どうせ、危険なアルビオンに魔法の使えないルイズ一人を派遣するわけにはいけないのだ。
だとするならば、少数でも腕のいい護衛としてなら使えるかもしれない。
「――わかりました、ではルイズ・フランソワーズとワルド子爵の二人にお願い致しますわ」
そう言って、彼女は改めて目の前の二人を眺めた。
その言葉を受けて、ワルドが跪きながら答えた。
「ご安心下さい、我が婚約者であるルイズ・フランソワーズ・ル・ブラン・ド・ラ・ヴァリエールと私、ジャック・フランシス・ド・ワルドは見事に姫殿下のご期待に答えることでしょう!」
そう言いながら、ワルドは隣のルイズに促す。
「君からも一言、姫殿下にお伝えしたほうが良いんじゃないかな?」
そんなワルドの声を受けて、彼女は内心で吐き気のするような気持ちを抱く。
そして彼女は憮然としながらも、仕方ないといった様子で答える。
「……謹んでお受けいたしますわ――アンリエッタ・ド・トリステイン姫殿下」
そう、彼女はまるで初めて接する他人に答えるように返したのだった。
「ワルドさま、どうしてあなたはあの時に入ってこられたのでしょう?」
アンリエッタの馬車を見送りながら、ルイズは彼女の婚約者に尋ねた。
「あの時、とは何時のことだい? 僕のルイズ――」
そう言って、いつもの様にあいまいに誤魔化そうとするワルド。
「私と姫殿下の会話の最中のことですわ」
王族が臣下に下した密命を盗み聞きする。
それは本来ならそれだけで死罪に相当する罪である。
あの時、アンリエッタが改めて命じたから良い様なものの、本来なら黙っていてもルイズに任務が命じられた筈なのだ。
それをあえて闖入するというリスクを犯したワルド。
その真意は何処にあるのか――彼女にはそれが気がかりだった。
「君のことが心配だったからね」
そう答えるワルド。
――そこには「何に対して」心配だったかという理由をあえて語らない。
「そんなにも私が信用できないのかしら?」
彼女は尋ねる――ルイズがレコン・キスタを裏切るのではないか、という疑問を持っているのではないかと。

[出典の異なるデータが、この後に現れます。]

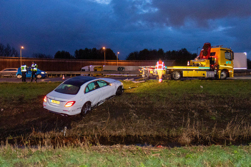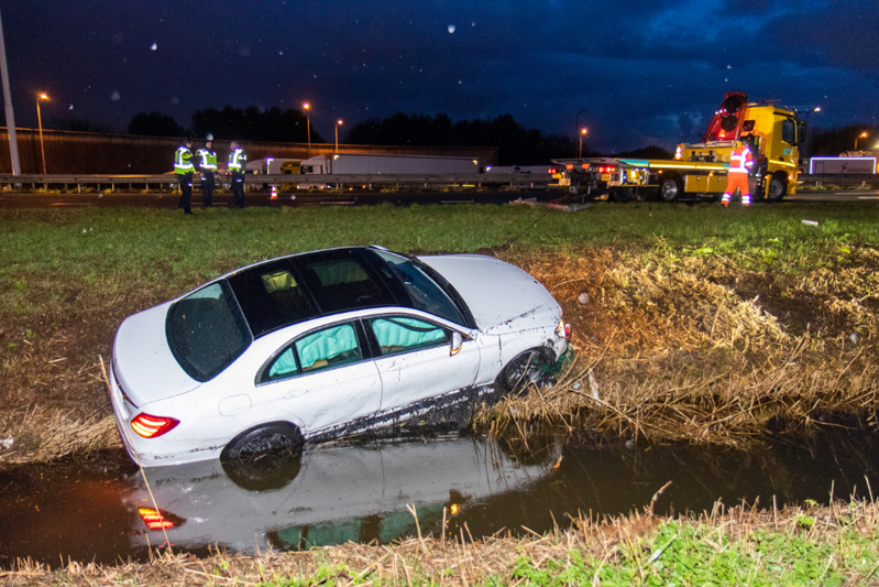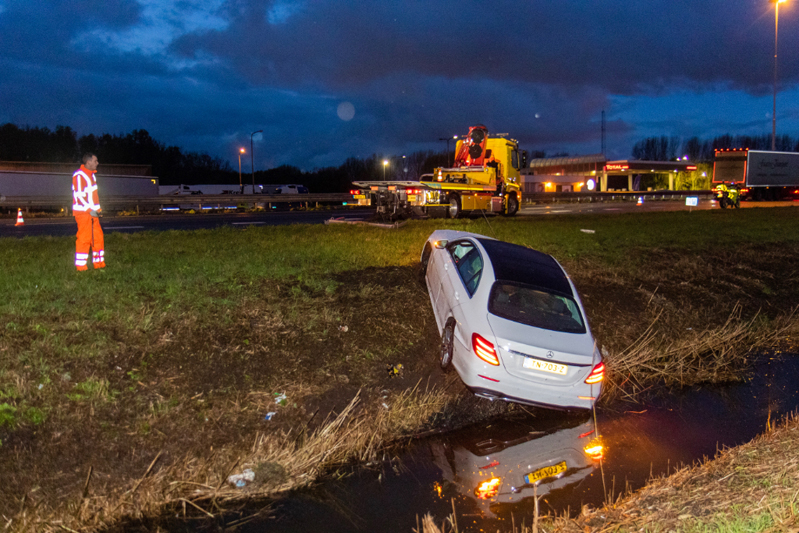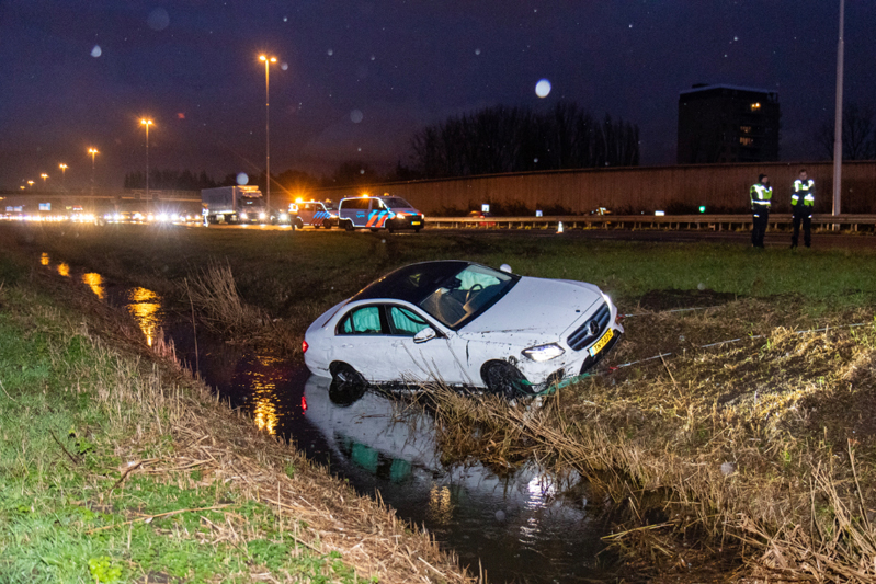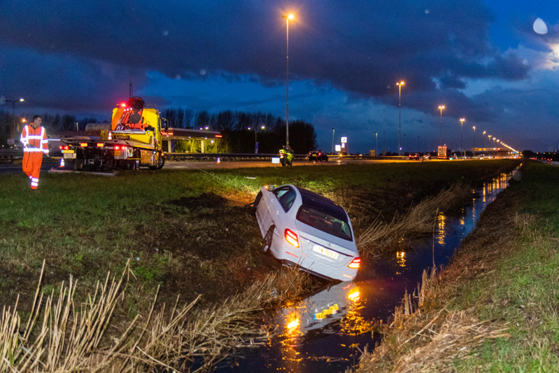 Vlaardingen – Woensdagmorgen tijdens een flinke regenbui is een automobilist met zijn auto van de A20 geschoten en bijna te water geraakt. De hulpdiensten rukten massaal uit voor een voertuig te water maar eenmaal ter plaatse bleek de bestuurder veel geluk gehad te hebben. Zijn auto hing op de rand van de sloot maar hij raakte niet gewond. In de ambulance is hij nog nagekeken door het ambulance personeel. Het eenzijdig ongeval vond plaats t.h.v. HM paal 19,6 in de richting van Maassluis. Achter het ongeval ontstond een flinke file vanuit Rotterdam richting het Westland.

そんな問いをワルドは大げさな身振りで否定して見せた。
「とんでもない! 信用できない相手に僕は秘密を語るほど堕ちたつもりはないさ」
そう語ったワルドは、次に一転して彼女の目を見つめながら、悪戯っぽく語って見せた。
「ところで信頼の証として、一つ僕の任務に協力してくれないかな?」
『――初夏のアルビオンの程、素晴らしいものはない。遮るものもなく、広大な大空から乾いた柔らかい風が吹き、旅するものに暑さを感じさせない。大陸塊から遥か下の広大な海に零れる川は途中で霧となり、高空の強い太陽の日差しを浴びて虹を描き出す』
そう謳われる浮遊大陸の片隅――三方を崖に囲まれ、まるで空中に突き出すように築かれたニューカッスル城。

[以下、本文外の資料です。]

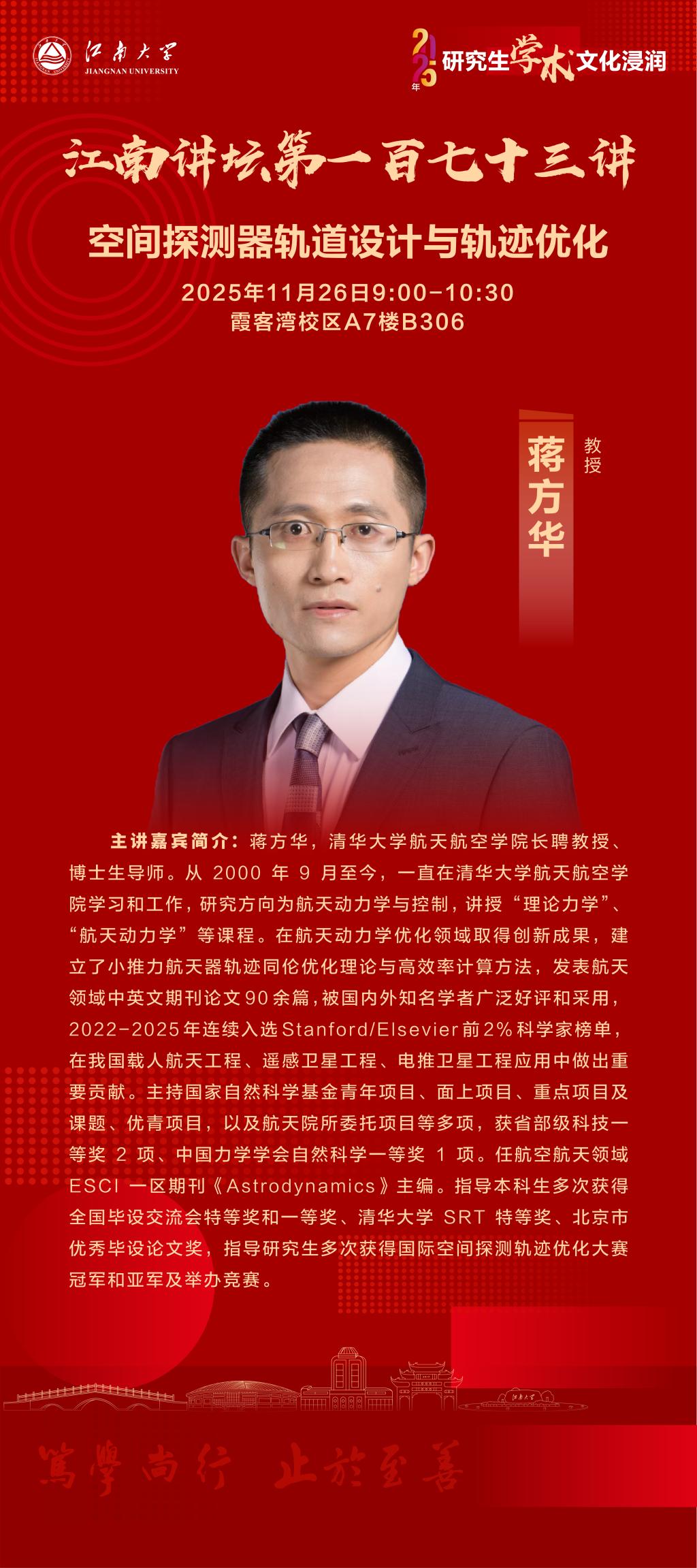蒋方华,清华大学航天航空学院长聘教授、博士生导师。从2000年9月至今,一直在清华大学航天航空学院学习和工作,研究方向为航天动力学与控制,讲授“理论力学”“航天动力学”等课程。在航天动力学优化领域取得创新成果,建立了小推力航天器轨迹同伦优化理论与高效率计算方法,发表航天领域中英文期刊论文90余篇,受到国内外知名学者广泛好评和采用,2022-2025年连续入选Stanford/Elsevier前2%科学家榜单。在我国载人航天工程、遥感卫星工程、电推卫星工程应用中做出重要贡献。主持国家自然科学基金青年项目、面上项目、重点项目及课题、优青项目,以及航天院所委托项目等多项,获省部级科技一等奖2项、中国力学学会自然科学一等奖1项。任航空航天领域ESCI一区期刊《Astrodynamics》主编。指导本科生多次获得全国毕设交流会特等奖和一等奖、清华大学SRT特等奖、北京市优秀毕设论文奖,指导研究生多次获得国际空间探测轨迹优化大赛冠军和亚军。
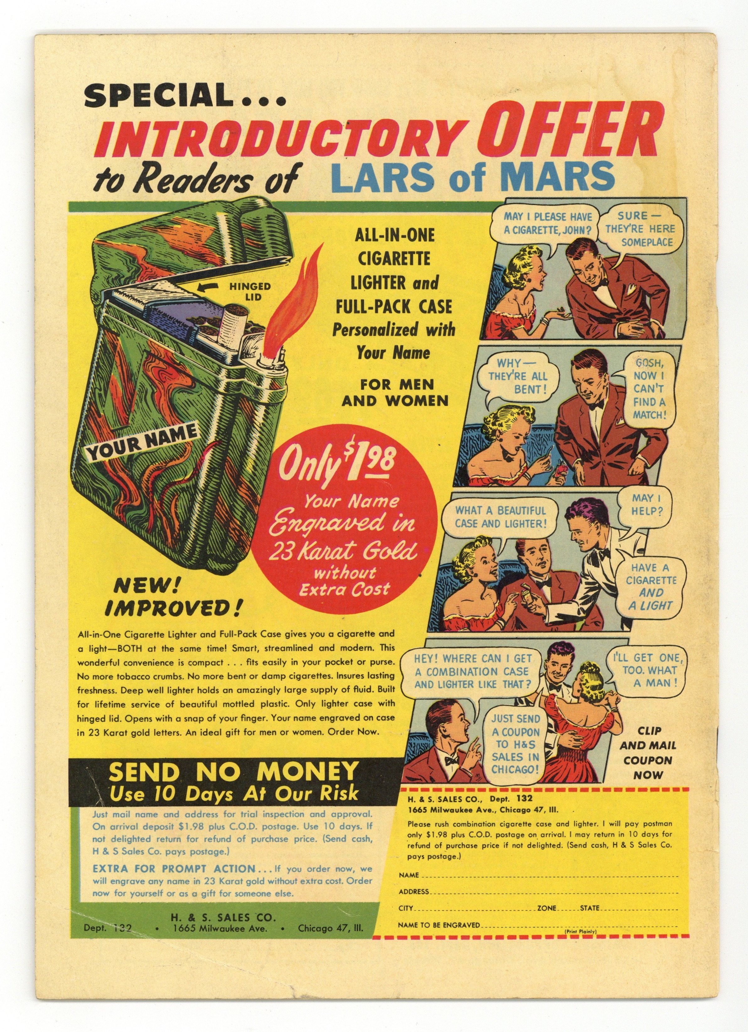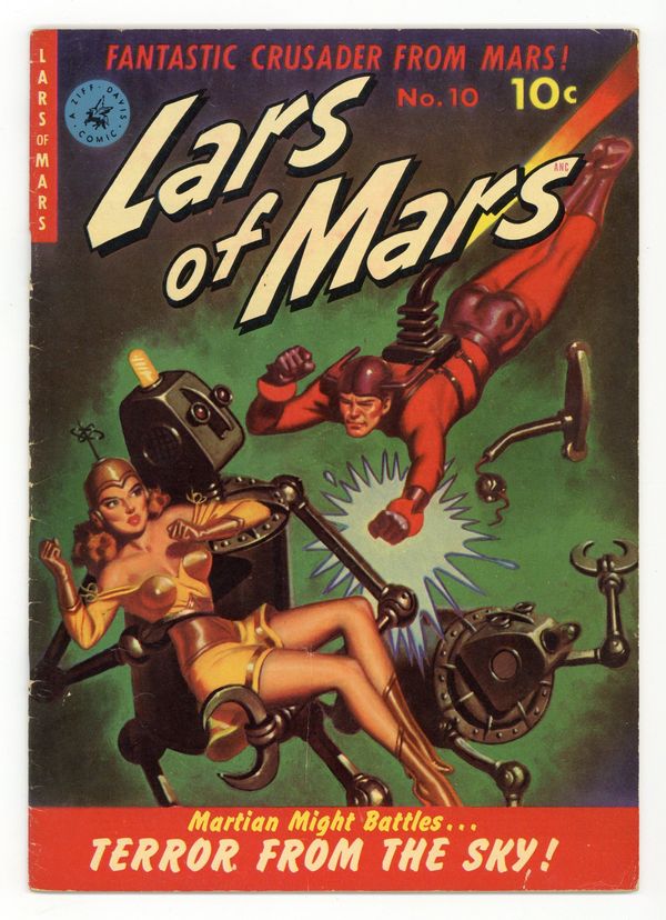 Painted cover by Allen Anderson. Stories and art by Gene Colan, Jerry Siegel, Vic Martin, and Murphy Anderson. Sent to Earth to prevent nuclear war, Lars of Mars must first convince TV producer June Conway that he's a real Martian. In the meantime, he is abducted by crime boss Bixby, who forces him to take part in a bank robbery. The writer for the Lars stories is Jerry Siegel, co-creator of Superman, who said, "I knew people would have difficulty forgetting a Martian with a Swedish name." Captain Ken Brady, Rocket Pilot, battles space pirates, in a story with early art by future Marvel legend Gene Colan. Plus a history of Earth's fascination with Mars and the people who might live there. And fun facts about the solar system. Terrific painted cover by Allen Anderson is a smorgasbord of Golden Age sci-fi tropes. Do People Live on Mars?; Lars of Mars; Villain or Hero?; The Boomerang; Captain Ken Brady, Rocket Pilot: Pirates of the Airways!; Modern Miracles; The Terror from the Sky; Solar Facts. 32 pages, Full Color. Cover price $0.10.
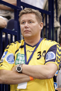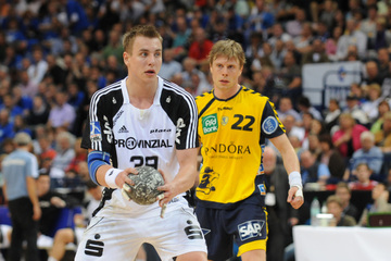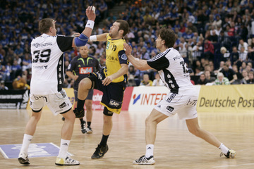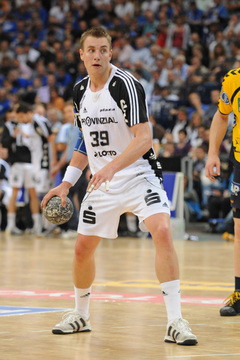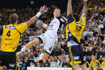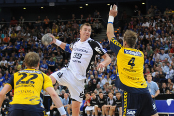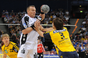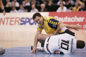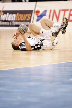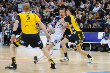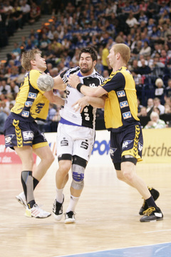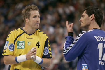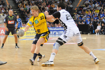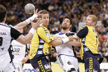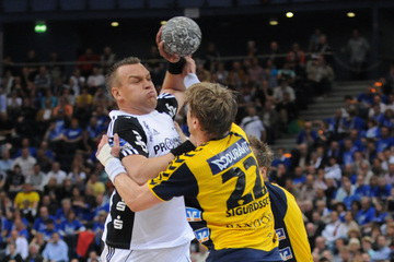 Nikola Karabatic. Harte Arbeit. RNL-Gesellschafter Jesper Nielsen. Kampf um den Ball.

数百年前に作られたこの古城は既に数十年もの間使われること無くただ朽ちるに任されていた筈だった。
しかし皮肉なことに、打ち捨てられた後にようやくこの城は城砦としての機能を発揮していた――アルビオン王朝最後の拠点として。
そんな古城の礼拝堂、その祭壇の前にルイズは追い詰められたアルビオンのテューダー朝最後の継承者と共にいた。
彼女が身に纏うのは清楚さを表す純白のドレスに、永遠に枯れない花をあしらった王家に伝わる新婦の冠。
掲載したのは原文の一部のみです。